### Work task
Please return every line of the material verbatim and skip any images.

### Extracted material
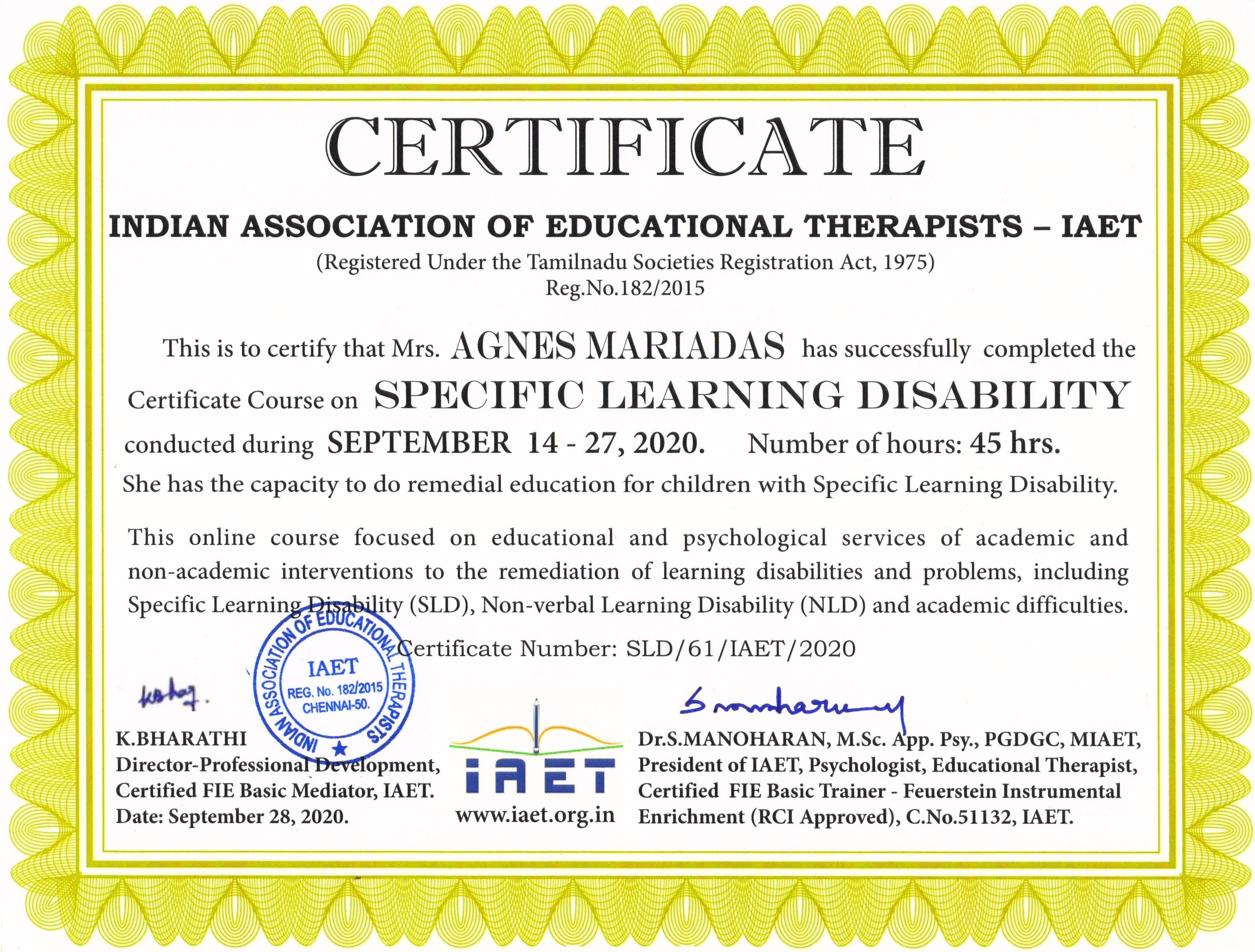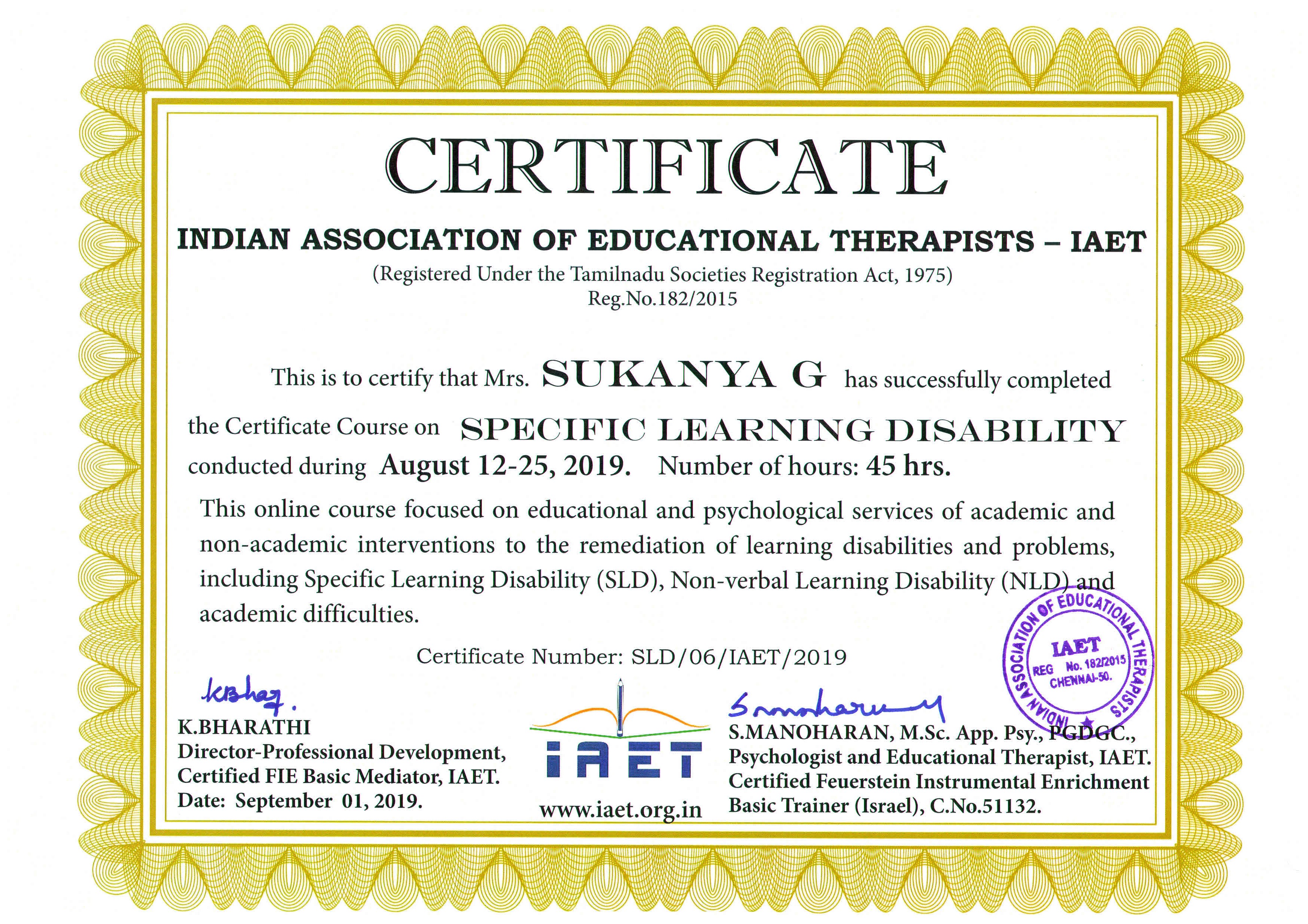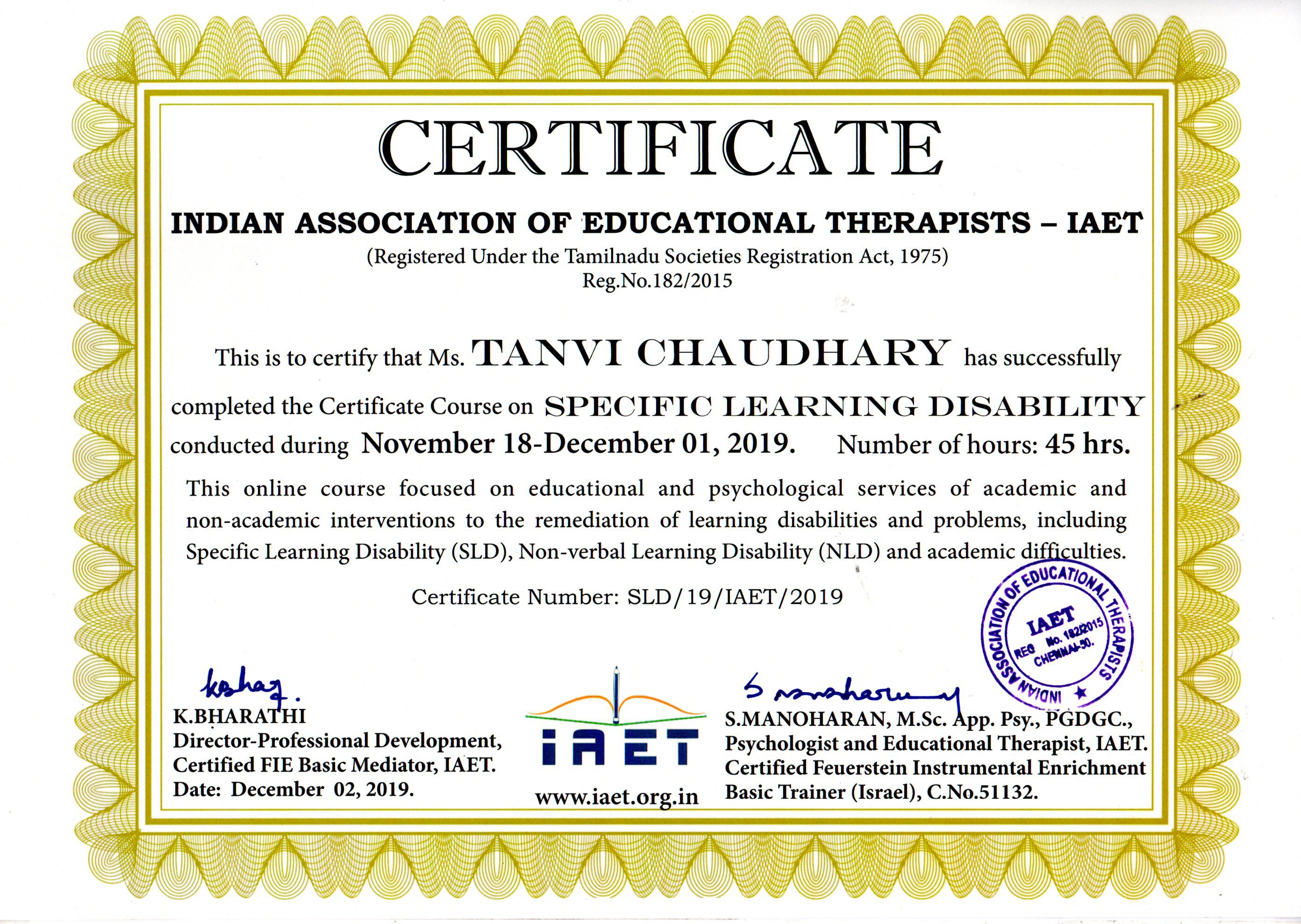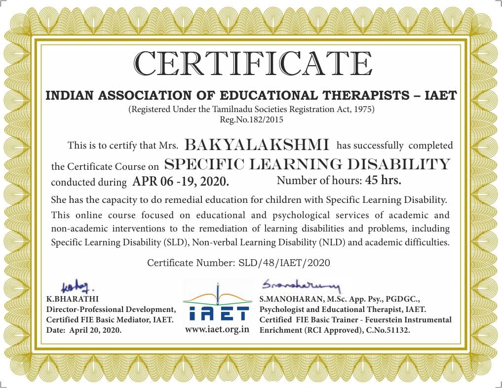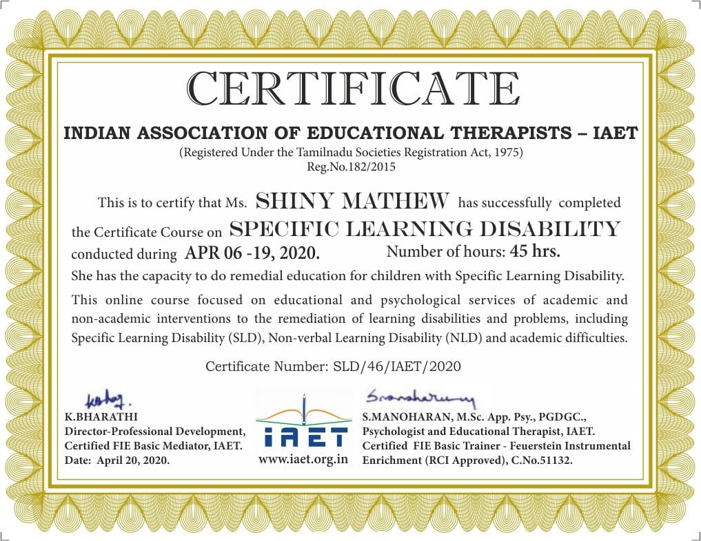 SPECIFIC LEARNING DISABILITY COURSE CERTIFICATES
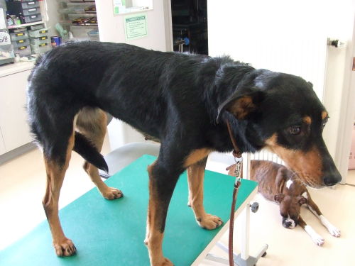 最近は、雪が融けて足場が悪いためディスクや雪玉遊びもしていないし、足を怪我する心当たりもなかったので、急所会社を休んでT獣医師の病院へ行きました。
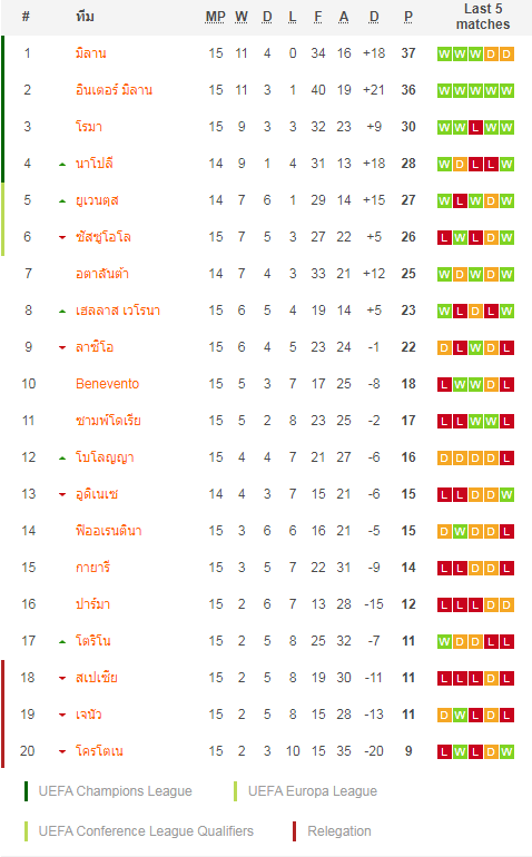 24/12/20 แพ้ ซัสซัวโล่ 2-3 (เหย้า) เซเรีย อา / เสมอ ... เสีย
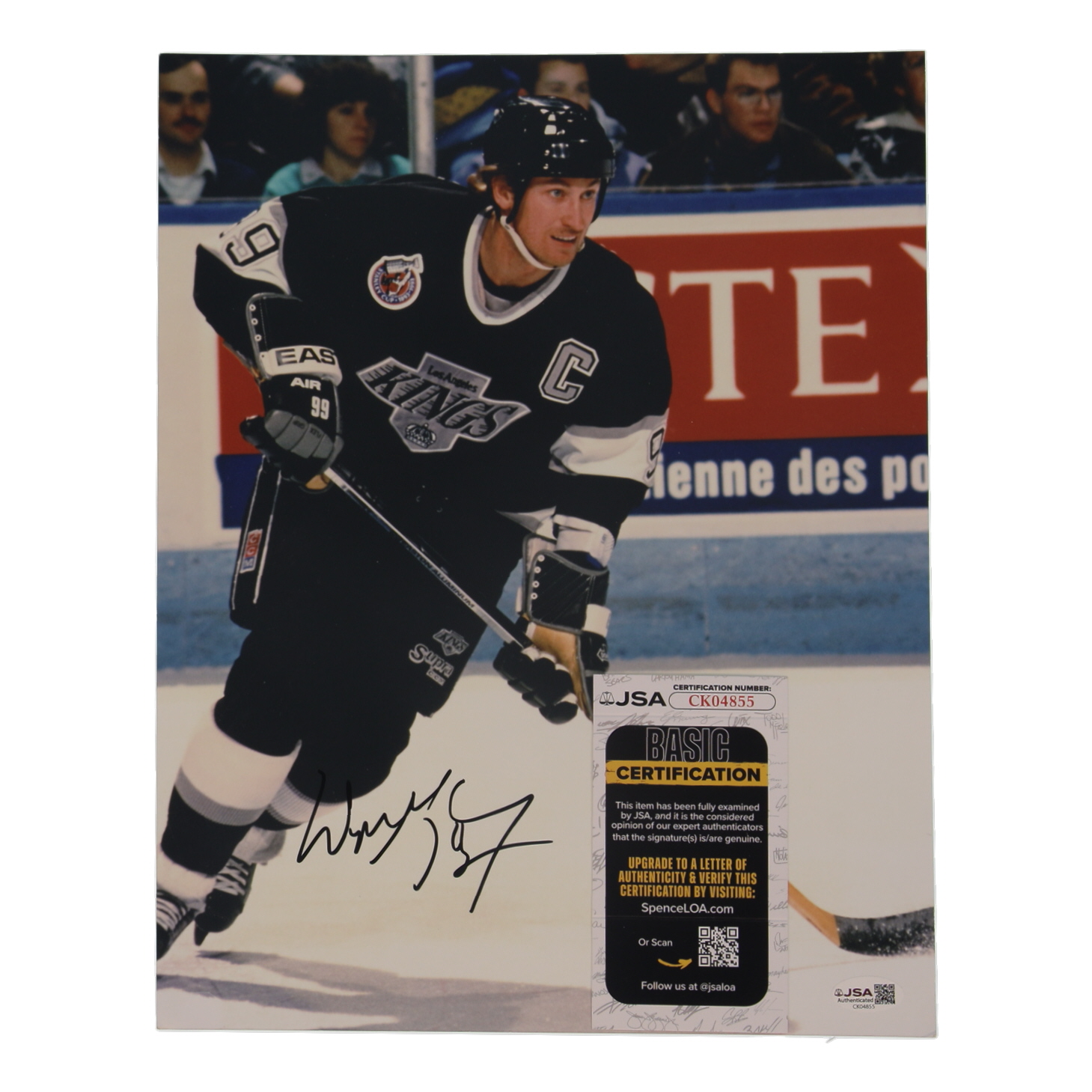 Photo measures 11” x 14” in size and has been hand-signed by Wayne Gretzky (Los Angeles Kings, HOF).
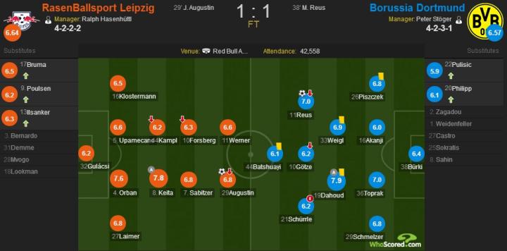 莱比锡方面,奉献一次助攻的凯塔获得了全队最高的7.8分;多特方面,同样送出精彩助攻的达胡德获得了全场最高的7.9分!
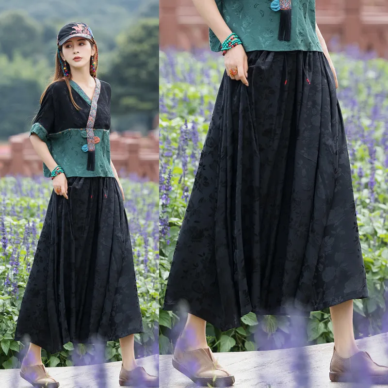衣都精品- 2023新款民族風提花鬆緊腰大裙擺顯瘦半身裙
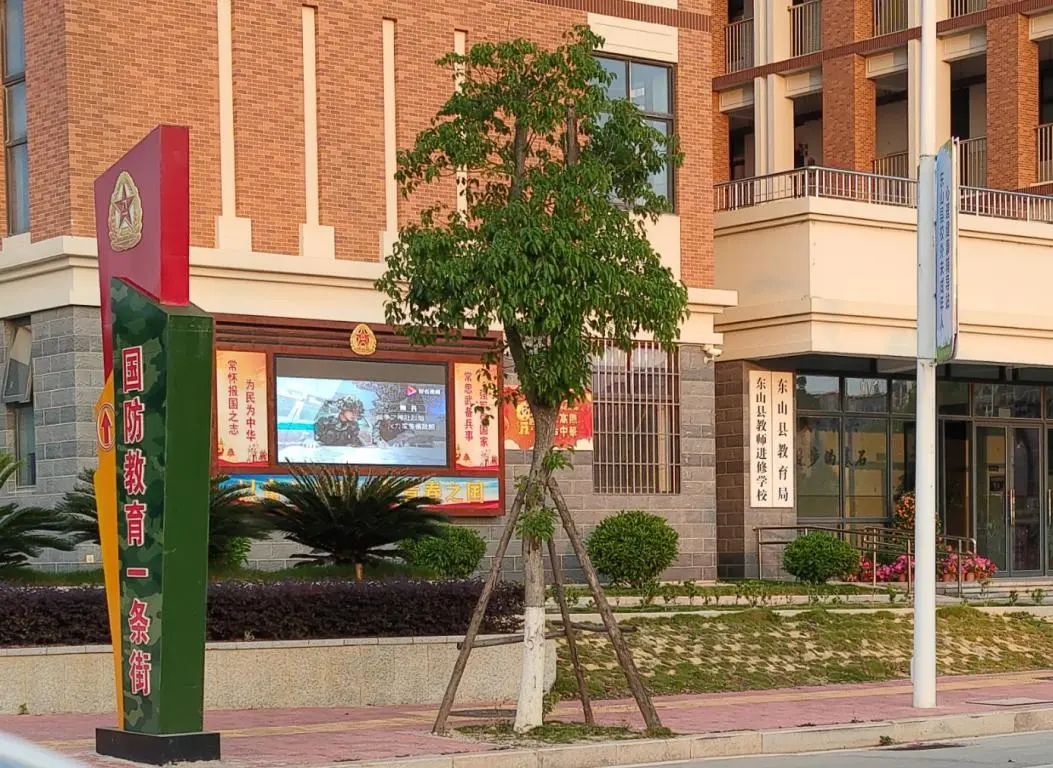 近日,东山县国防教育一条街建成投入使用,该街道位于东山县文昌学校旁,投资10万余元,全长共700米左右,共设16个国防教育宣传展板,1个LED视频播放模块,62个国防教育宣传标语牌。

### Reply to the exercise
 SPECIFIC LEARNING DISABILITY COURSE CERTIFICATES
 最近は、雪が融けて足場が悪いためディスクや雪玉遊びもしていないし、足を怪我する心当たりもなかったので、急所会社を休んでT獣医師の病院へ行きました。
 24/12/20 แพ้ ซัสซัวโล่ 2-3 (เหย้า) เซเรีย อา / เสมอ ... เสีย
 Photo measures 11” x 14” in size and has been hand-signed by Wayne Gretzky (Los Angeles Kings, HOF).
 莱比锡方面,奉献一次助攻的凯塔获得了全队最高的7.8分;多特方面,同样送出精彩助攻的达胡德获得了全场最高的7.9分!
衣都精品- 2023新款民族風提花鬆緊腰大裙擺顯瘦半身裙
 近日,东山县国防教育一条街建成投入使用,该街道位于东山县文昌学校旁,投资10万余元,全长共700米左右,共设16个国防教育宣传展板,1个LED视频播放模块,62个国防教育宣传标语牌。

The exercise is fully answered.